The question hanging over the whole process is whether the calls to update and improve the Foundation Aid formula will necessitate more aid.

Nearly all of the speakers at the first hearing requested additional assistance from the Foundation for new or changing school costs.

But Hochul, who had supported big increases in Foundation Aid for two years, tried to stop the windfall in 2024-25. She proposed cutting Foundation Aid to half of New York City’s school districts, breaking a rule that previously prevented any annual cuts. The Legislature wouldn’t go along with it, and no one included a cut in the final state budget.

When she asked the Rockefeller Institute to evaluate Foundation Aid, she asked them to take affordability into account.

On Tuesday, only Andrew Rein, chairman of the nonprofit Citizens Budget Commission, proposed cutting aid to districts that “have enough money” if aid to needy schools can be increased. He said districts should be eligible for cuts to Foundation Aid and that New York’s STAR program, which provides tax relief primarily to people in “wealthy regions,” should be ended.

The Empire Center, a conservative think tank that has been a leading critic of New York’s education overspending, is preparing to testify before the Rockefeller Institute. But Empire Center President and CEO Tim Hoefer told The Journal News/lohud that New York’s aid approach has driven up spending on schools to nearly $30,000 per student, while “the results have been mediocre at best.”

He said the Foundation Aid increase is taken into account when teachers and others negotiate salary increases.
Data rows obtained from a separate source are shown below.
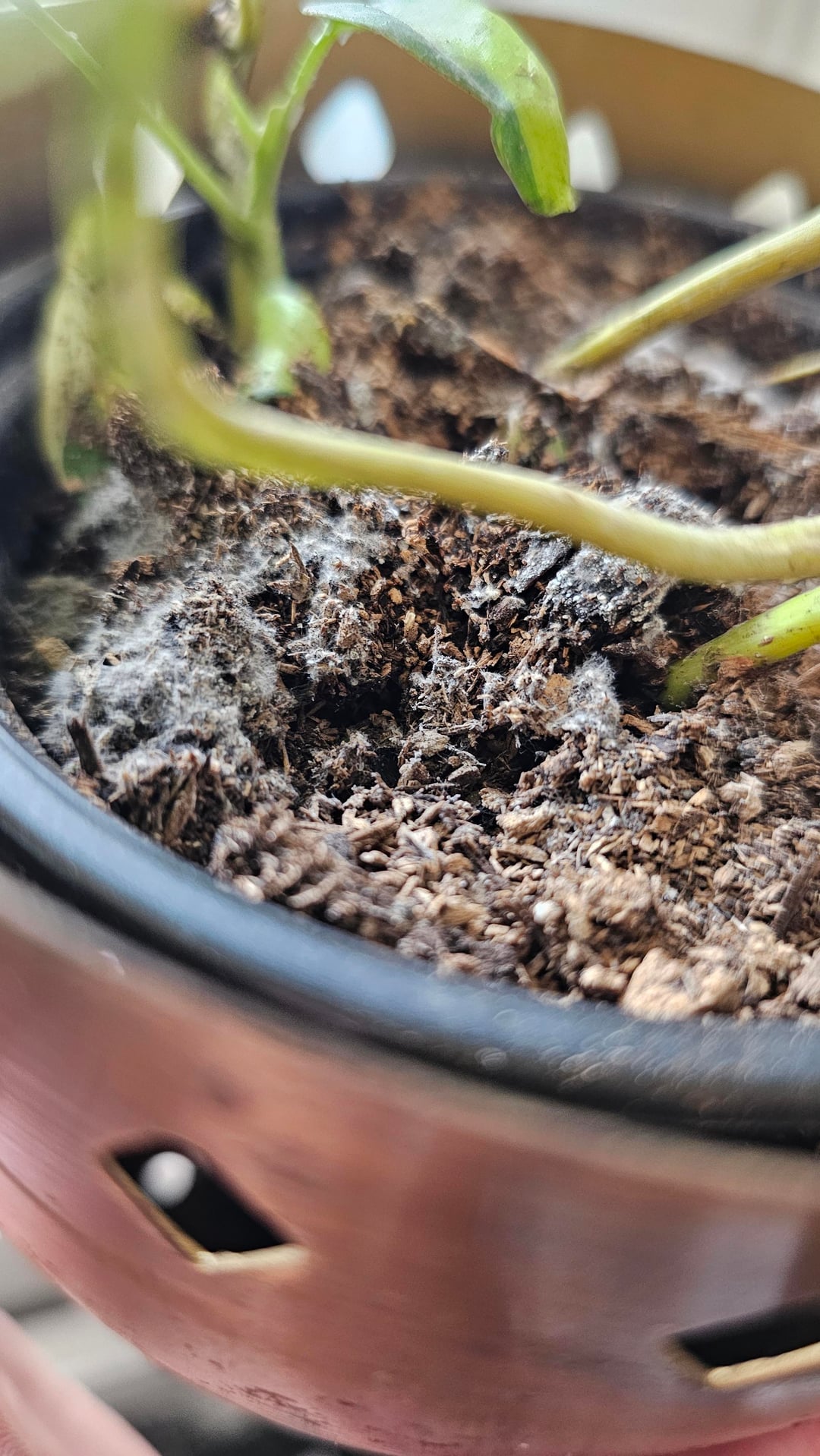 すでに土の上にカビが生えているように見えるのはなぜだろうと心配しています。特定の土壌混合は行いませんでした(私の問題かもしれません)。
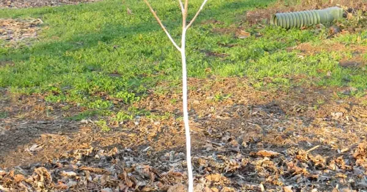 Clear an area about 3 feet wide around the tree, eliminating weeds and grasses to keep them from competing with the tree for water and nutrients. To prevent future weed growth and conserve moisture, a layer of mulch 3 to 6 inches thick can be placed around the tree. However, to avoid crown rot, keep the mulch several inches away from the tree trunk. As a final step, remove the top of the tree by pruning back to a single trunk approximately 24 inches tall and paint the bark of the entire tree trunk with white interior latex paint diluted with water (two parts water to one part paint) as a whitewash to reflect excess heat. This prevents sunburn and the resulting invasion of wood-boring insects that can stunt or kill the new tree.
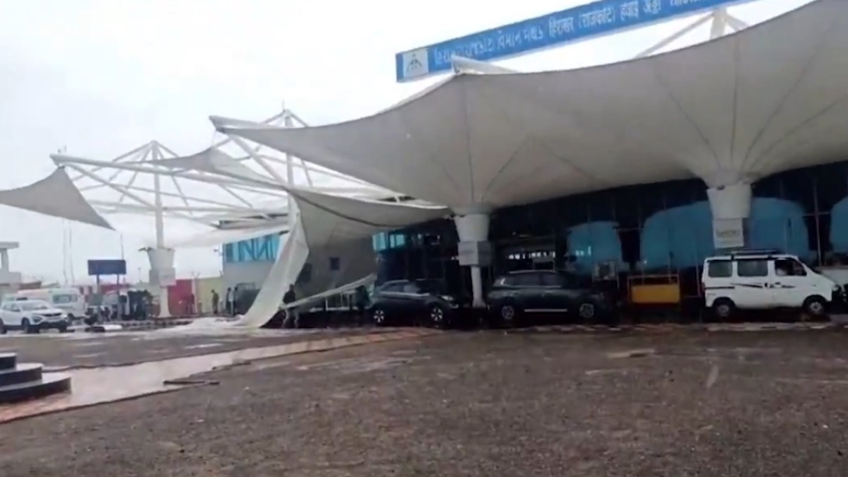 A significant mishap was narrowly averted on Saturday at the Rajkot International Airport, mirroring a similar recent event at Delhi Airport's Terminal 1. At Rajkot's Hirasar International Airport, the passenger pick-up and drop-off area canopy outside the terminal collapsed due to torrential rains. The silver lining here is that no injuries were reported from this event. PM Modi had previously inaugurated the new airport terminal in July 2023, following an expansion exceeding the cost of 1400 crores.
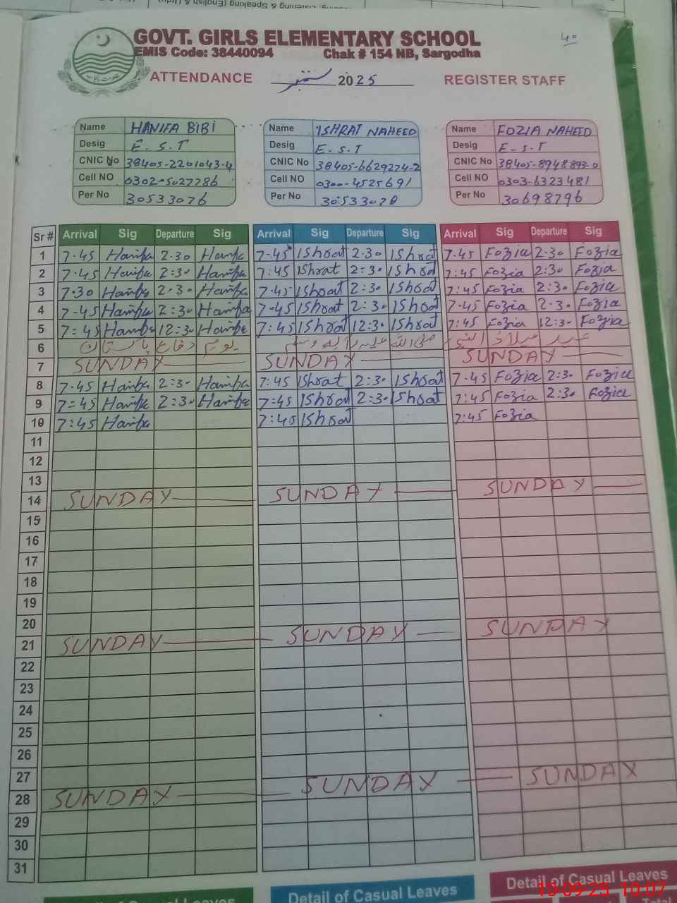 | CNIC | Full Name | Designation | R/C | Absence During Last Calender Month |
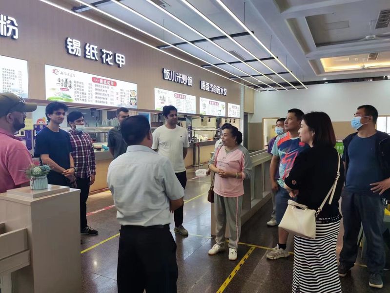 公司党委书记张青在座谈会结束后,针对外籍博士提出的问题,找到了后勤产业集团的刘红超总经理。刘总经理在收到williamhill官网网站的请求后,立即进行了调研并做出了积极的响应。为了解决外籍教师们的饮食困难,公司南区柳园餐厅一楼和二楼分别开设了清真窗口,供外籍教师们就餐,同时也可以通过微信小程序在线点餐配送。为了让外籍教师们更好地了解清真窗口的相关情况,张青书记等领导带领外籍教师于6月6日下午前往南区柳园餐厅参观清真窗口。刘红超总经理亲自接待外籍教师,并详细介绍了清真餐点的原料和制作过程,让外籍教师更放心使用清真窗口。

“If done well, the study will not make recommendations based solely on the wishes of myriad special interest groups, but will also address, for example, how the Foundation Aid formula can improve outcomes, best practices from other states, and how to solve difficult foundational problems, such as special education funding,” Hoefer said in an email.
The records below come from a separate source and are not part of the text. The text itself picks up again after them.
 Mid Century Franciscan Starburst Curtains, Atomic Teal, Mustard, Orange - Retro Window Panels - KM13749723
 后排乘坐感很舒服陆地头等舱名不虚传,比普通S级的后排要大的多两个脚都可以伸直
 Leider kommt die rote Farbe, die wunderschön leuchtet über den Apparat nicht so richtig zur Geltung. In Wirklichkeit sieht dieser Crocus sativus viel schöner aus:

Legislative leaders could fight Hochul over proposed changes that would result in cuts to aid. Sen. Shelley Mayer, D-Yonkers, chair of the Senate Education Committee, told The Journal News/lohud that she was not in favor of “a district losing what it gets.

Upcoming hearings are scheduled in Buffalo, Long Island, Central New York and the Capital Region. The Rockefeller Institute is accepting written submissions on its website.

While there is no hearing in the Lower Hudson Valley, Sen. Bill Weber said Thursday that he will hold a discussion and testimony session on July 29 from 6 to 8 p.m. at Rockland Community College’s Cultural Arts Theater.